According to Bloomberg, Apple and Meta gave user data to hackers who posed as law police. In mid-2021, both firms fell for the bogus requests and gave over consumers’ IP addresses, phone numbers, and addresses.
Criminal investigators often seek data from social media companies to learn more about the owner of a certain online account. Emergency data demands, on the other hand, do not need a subpoena or search warrant issued by a court.
Fake emergency data requests are on the rise, according to a new Krebs on Security analysis. First, hackers must get into a police department’s email system. The hackers may then create an emergency data request that explains the risks of not receiving the desired data immediately, all while posing as a cop.

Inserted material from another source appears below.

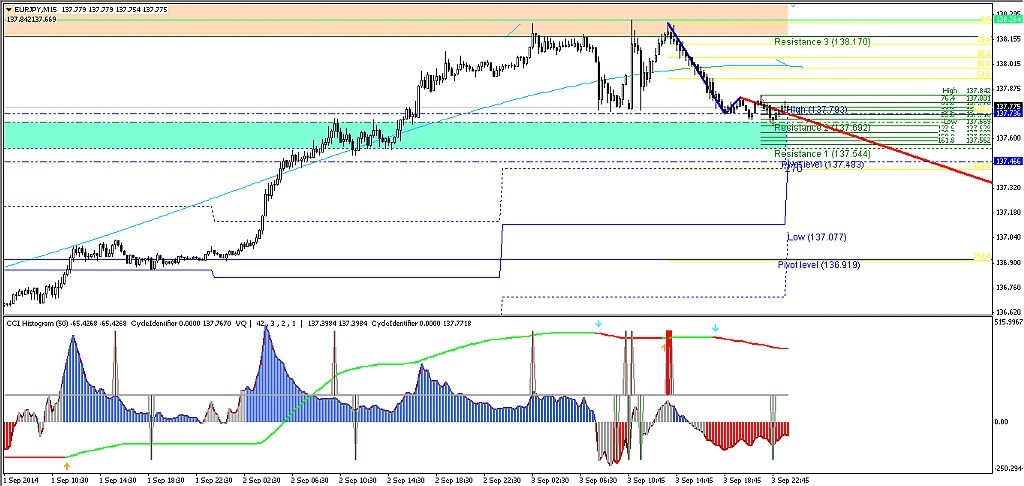 2014/09/04 - けろけろさんの株式ブログ。タイトル:「2014-09-03 15分足」 本文:昨日までの動き左から (チャートの時間は7時間程度遅れてます)--ユーロドル-- --ユーロ・円--

According to Krebs, some hackers are selling government email access online in order to spam social media with phoney emergency data demands.
But last year’s assaults may have been carried out by Recursion Team, a cybercriminal outfit. Despite disbanding, several members have joined Lapsus$ under new identities. Officials engaged in the probe told Bloomberg that hackers hacked into the accounts of law enforcement organisations throughout the world beginning in January 2021.
“We confirm law enforcement requests and identify abuse,” said Andy Stone, Meta’s policy and communications director, in an email to The Verge. As in this situation, we assist with law enforcement to prohibit known hacked accounts from making requests.
According to Apple’s law enforcement guidelines, “if a government or police agency seeks customer data in response to an Emergency Government and Law Enforcement Information Request, a supervisor for the government or law enforcement agent who submitted the Emergency Government and Law Enforcement Information Request may be contacted.”
Fake emergency data demands have hit other firms than Meta and Apple. It’s unclear whether or not the corporation responded to the falsified request, according to Bloomberg. In response to one of these bogus requests, Discord confirmed to Krebs on Security that it had given over information.